> To do: Print exactly what appears from the line containing "Juuttisäkki kasvien peittämiseen." through the final line of the data below, pictures excluded.

> Data:
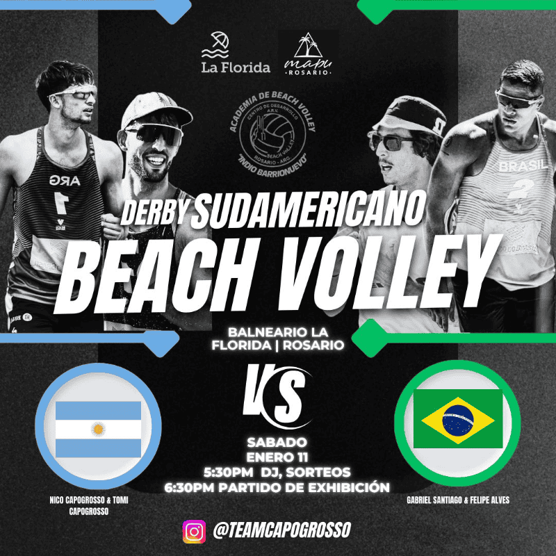 El balneario La Florida será escenario este sábado de un match Internacional de Beach Volley, cuando a partir de las 18.30 se enfrenten la dupla rosarina compuesta por Nicolás y Tomás Capogrosso ante la pareja brasileña integrada por Gabriel Santiago y Felipe Alves.
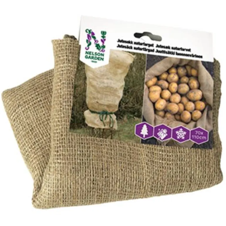 Juuttisäkki kasvien peittämiseen. Suojaa pakkaselta ja lumelta sekä voimakkaalta auringonpaisteeltakin, myös kuivuudelta keväisin. Voidaan käyttää mm. ruukunsuojana, polttopuiden varastoimiseen, vihannesten säilyttämiseen ja lahjasäkkinä jouluna.
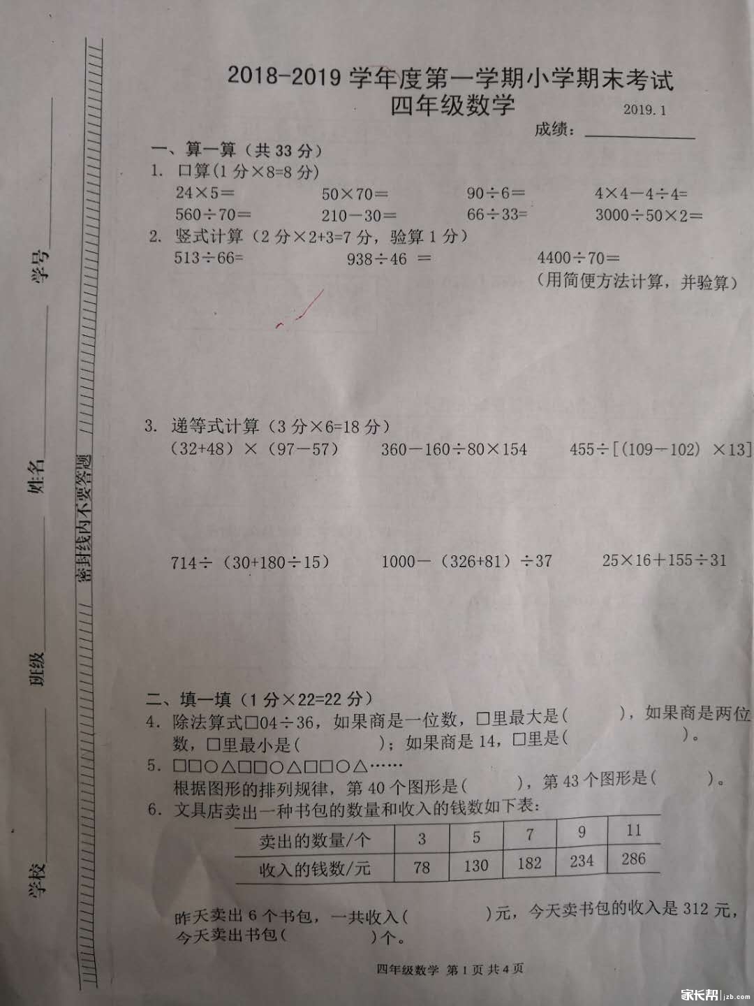 2019年南京市浦口区小学四年级数学期末卷(图片版)
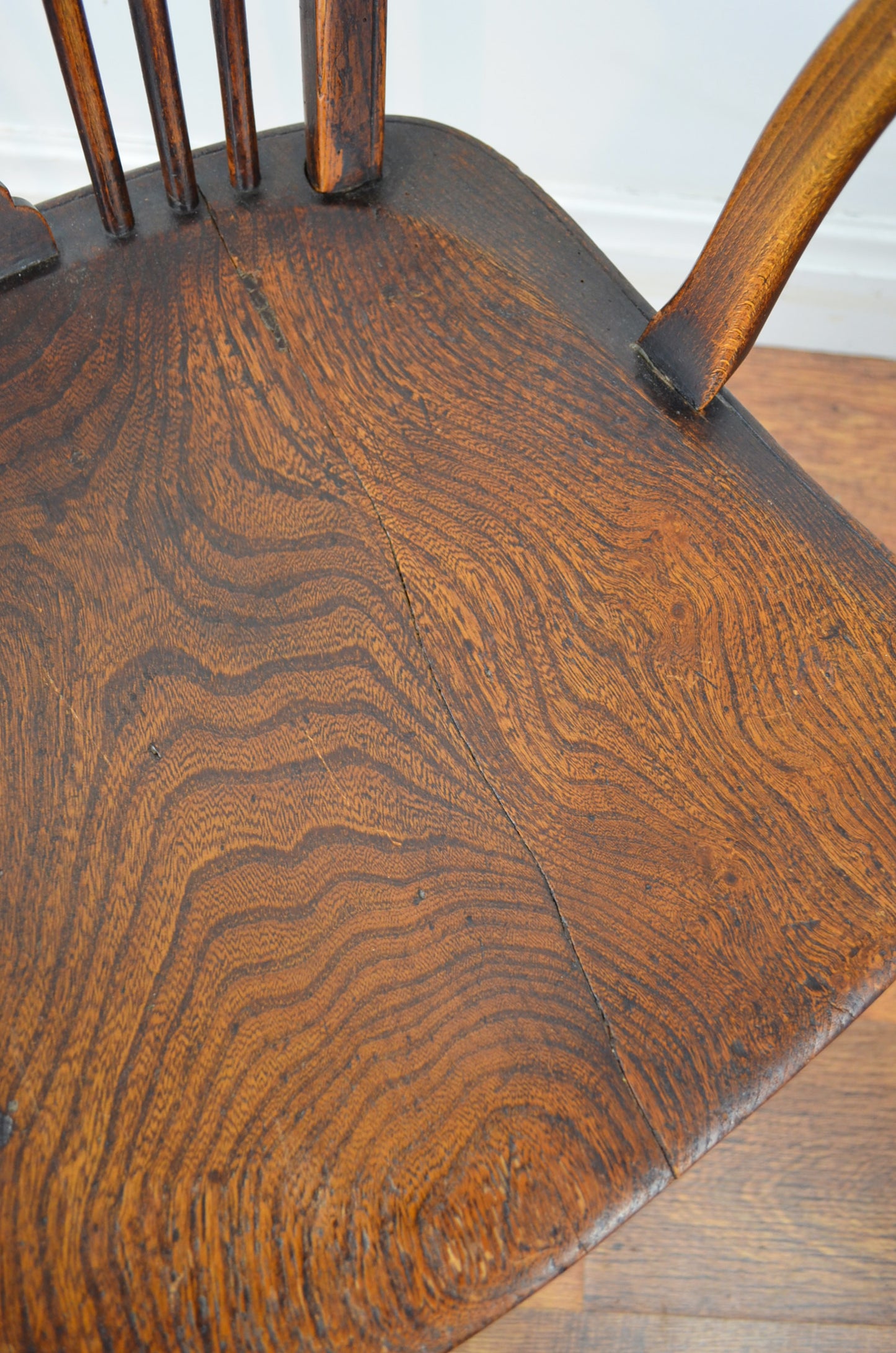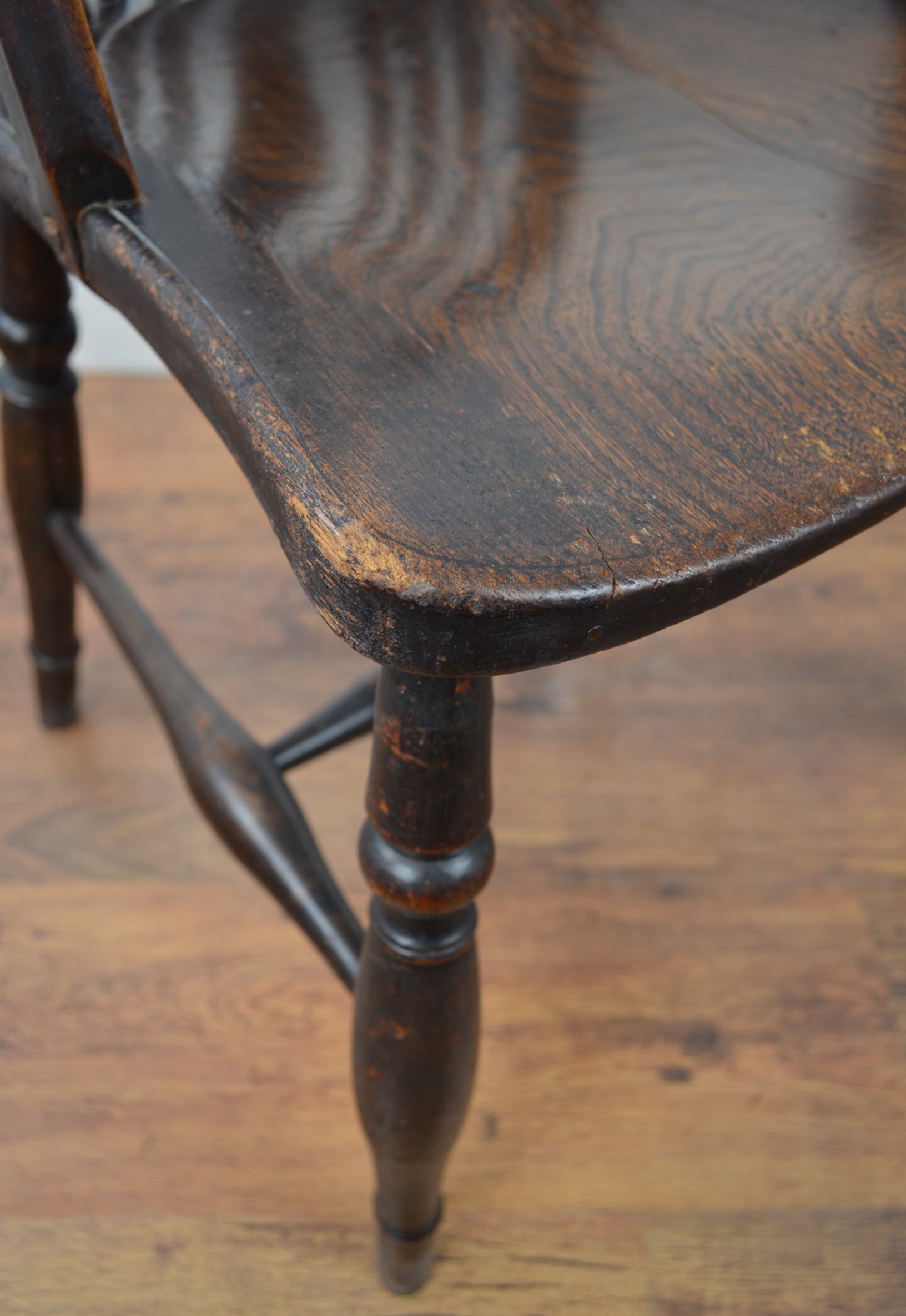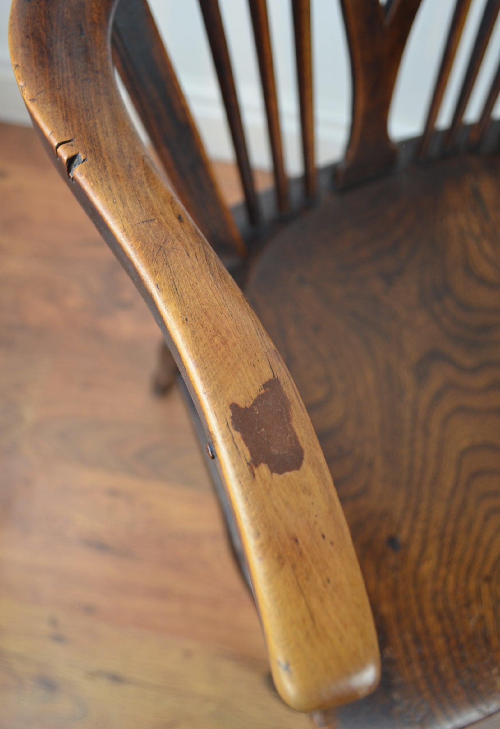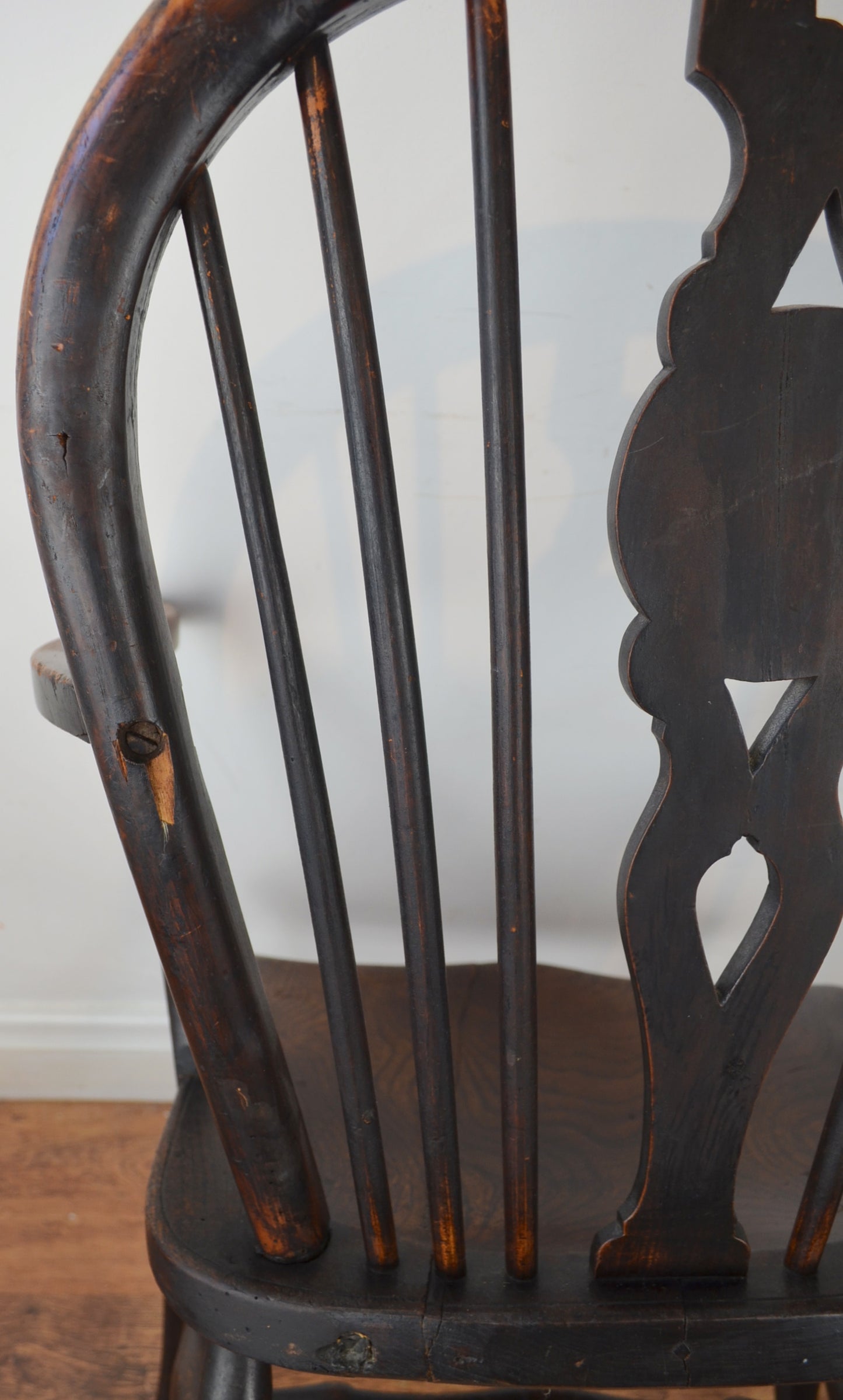 A Victorian beech and elm wheel back carver chair made in a traditional Winsor style. Great patina, with lots of the signs of use and character you would expect with age.

> Result of this exercise:
 Juuttisäkki kasvien peittämiseen. Suojaa pakkaselta ja lumelta sekä voimakkaalta auringonpaisteeltakin, myös kuivuudelta keväisin. Voidaan käyttää mm. ruukunsuojana, polttopuiden varastoimiseen, vihannesten säilyttämiseen ja lahjasäkkinä jouluna.
 2019年南京市浦口区小学四年级数学期末卷(图片版)
 A Victorian beech and elm wheel back carver chair made in a traditional Winsor style. Great patina, with lots of the signs of use and character you would expect with age.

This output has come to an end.